After a day-long meeting at Downing Street - at which the beef crisis played only a minor and uncontroversial role - the Prime Minister and the French President, Jacques Chirac, were optimistic that other EU countries would back the initiative, which would give the EU an "autonomous" capacity to act in cases where the whole of Nato did not take part.

In a declaration designed to allay American fears that Europe was seeking to set up a military structure that could duplicate or even compete with Nato, the continent's two major military powers last night promised that the Alliance would remain "the foundation of our collective defence".

The new 60,000-strong force will have its own command, control and full logistic capabilities. It was intended to "complement Nato as the cornerstone of our defence," Tony Blair said. And President Chirac, who is suspected by many in the US establishment of aiming to undermine the Alliance, declared that the plan would have no negative consequences for Nato. "In reality it reinforces Nato," he said.

At the defence summit in Finland, France and Britain want their partners to approve an EU military committee with its own staff who would help plan and conduct EU-led operations once they had been approved by ministers. Paris and London are also promising to bring members of the Atlantic Alliance who do not belong to the EU, such as Poland, Turkey and Norway, into the decision-shaping process.

The EU force could be run, they say, out of British and French joint staff headquarters, into which officers from other EU countries would be placed. But Mr Blair reiterated that this did not signify the creation of a separate European army.

Underlining their commitment to the new venture, France and Britain have also agreed to draw on each other's military transport assets if needed, to deploy rapidly in a crisis. They underlined Europe's glaring need for new transport aircraft, the lack of which was the European countries' biggest single weakness exposed by the crisis in Kosovo earlier this year.
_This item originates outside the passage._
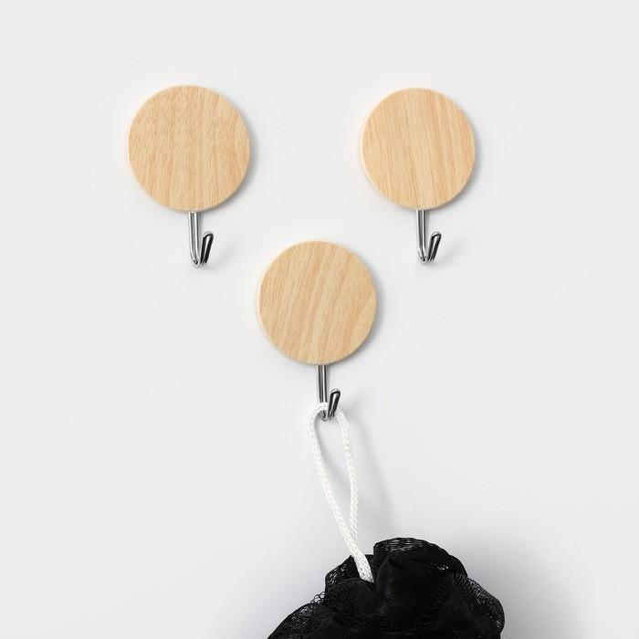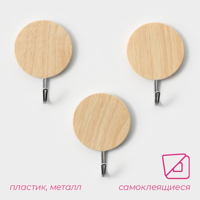 Крючки самоклеящиеся Доляна «Круг», 3 шт, цвет светлое дерево
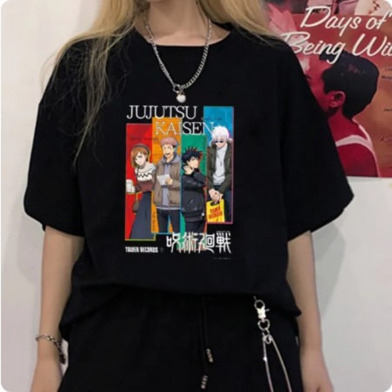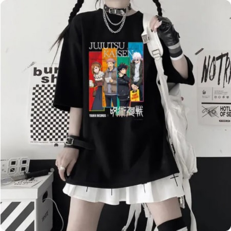 T-shirt wanita Anime Jepun Jujutsu Kaisen Grafik t-shirt Tops Musim Panas Harajuku Gothic Tshirt Lengan Pendek Tshirt kapas Pakaian pelbagai saiz

In Kosovo, European nations carried out only 20 per cent of the strike sorties, despite a paper capability of several thousand combat aircraft. Europe was stretched sending a few tens of thousands of troops into Kosovo - 2 per cent of the combined armed forces of Europe. The total defence budget of Europe is estimated at pounds 100bn. With more effective armed forces, European nations would be able to make a more substantial contribution.
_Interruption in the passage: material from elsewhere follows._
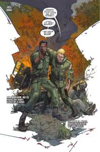 Então… o final do arco se aproxima e este penúltimo capítulo começa bem, com bons diálogos e Carol Danvers se posicionando com mais convicção e desenvoltura, a ponto de comandar um breve encontro com outros líderes, incluindo seu parceiro de Os Supremos, o Pantera Negra. Porém, quando a ação acontece, novamente percebemos os limites das autoras que, reassalta-se, não são especialistas em quadrinhos, e sim em roteiros para TV, Michele Fazekas e Tara Butters: o andamento torna-se truncado, situações meio sem explicações surgem e terminam, e lá no final um dos adversários alienígenas muda de ideia tão subitamente que parece um conto infantil – com todo o respeito às crianças, claro.

In the meantime Eurocorps, the predominantly Franco-German force based in Strasbourg, will be transformed into a rapid-reaction corps to work closely with Nato and the EU.

Mr Blair said Britain was ready to provide British forces for the Eurocorps headquarters, just as France and Germany have already done in the case of the British-led Ace Rapid Reaction Corps (ARRC).

The Defence Secretary, Geoff Hoon said: "We need flexible forces that can get to a crisis more quickly, efficiently, and effectively."